# [Task objective]
Below, find the line containing "Шторка на ванну" and the line containing "ANEP: 2531011824 APPEL"; reproduce exactly those two and every line between them, omitting pictures.

# [Data provided]
- Opening Delimiter -

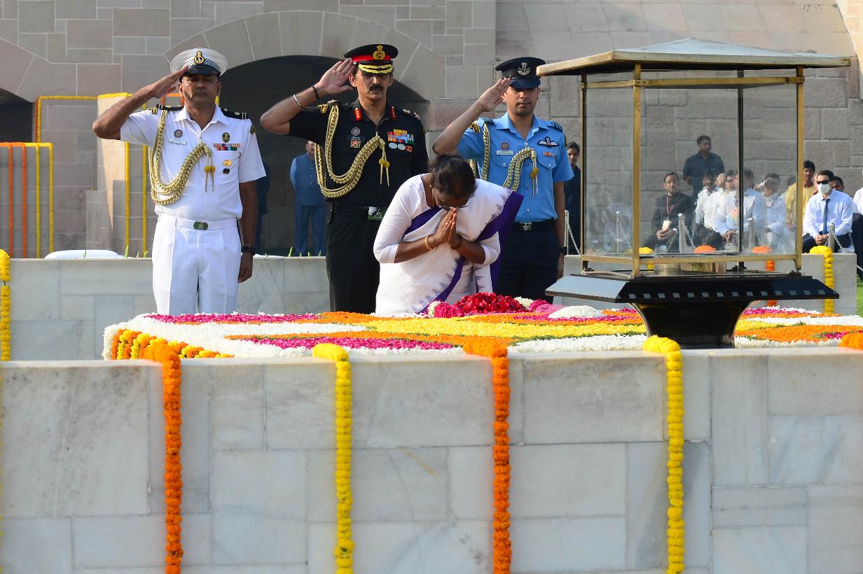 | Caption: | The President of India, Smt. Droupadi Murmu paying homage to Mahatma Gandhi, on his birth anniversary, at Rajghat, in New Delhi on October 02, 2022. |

- Closing Delimiter -
- Opening Delimiter -

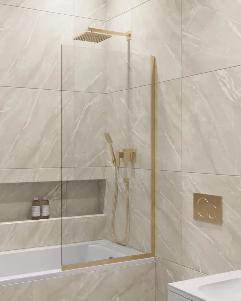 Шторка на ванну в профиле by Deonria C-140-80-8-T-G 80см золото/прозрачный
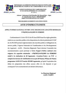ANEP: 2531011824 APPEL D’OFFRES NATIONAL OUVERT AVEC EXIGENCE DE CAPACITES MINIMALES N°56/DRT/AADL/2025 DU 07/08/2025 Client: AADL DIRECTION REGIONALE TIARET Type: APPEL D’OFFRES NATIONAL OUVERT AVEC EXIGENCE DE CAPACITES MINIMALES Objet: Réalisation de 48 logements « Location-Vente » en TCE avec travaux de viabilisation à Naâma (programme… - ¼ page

- Closing Delimiter -
- Opening Delimiter -

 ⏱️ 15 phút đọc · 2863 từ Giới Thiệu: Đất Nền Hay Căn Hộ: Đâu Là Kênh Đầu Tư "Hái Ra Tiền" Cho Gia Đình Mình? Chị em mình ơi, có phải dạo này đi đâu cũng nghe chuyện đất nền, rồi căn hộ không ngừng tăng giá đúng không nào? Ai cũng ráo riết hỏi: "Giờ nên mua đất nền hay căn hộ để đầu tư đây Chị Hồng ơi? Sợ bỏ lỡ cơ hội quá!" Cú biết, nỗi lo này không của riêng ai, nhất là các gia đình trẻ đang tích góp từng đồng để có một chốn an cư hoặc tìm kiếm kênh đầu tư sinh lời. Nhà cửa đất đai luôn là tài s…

- Closing Delimiter -

# [Output for this task]
 Шторка на ванну в профиле by Deonria C-140-80-8-T-G 80см золото/прозрачный
ANEP: 2531011824 APPEL D’OFFRES NATIONAL OUVERT AVEC EXIGENCE DE CAPACITES MINIMALES N°56/DRT/AADL/2025 DU 07/08/2025 Client: AADL DIRECTION REGIONALE TIARET Type: APPEL D’OFFRES NATIONAL OUVERT AVEC EXIGENCE DE CAPACITES MINIMALES Objet: Réalisation de 48 logements « Location-Vente » en TCE avec travaux de viabilisation à Naâma (programme… - ¼ page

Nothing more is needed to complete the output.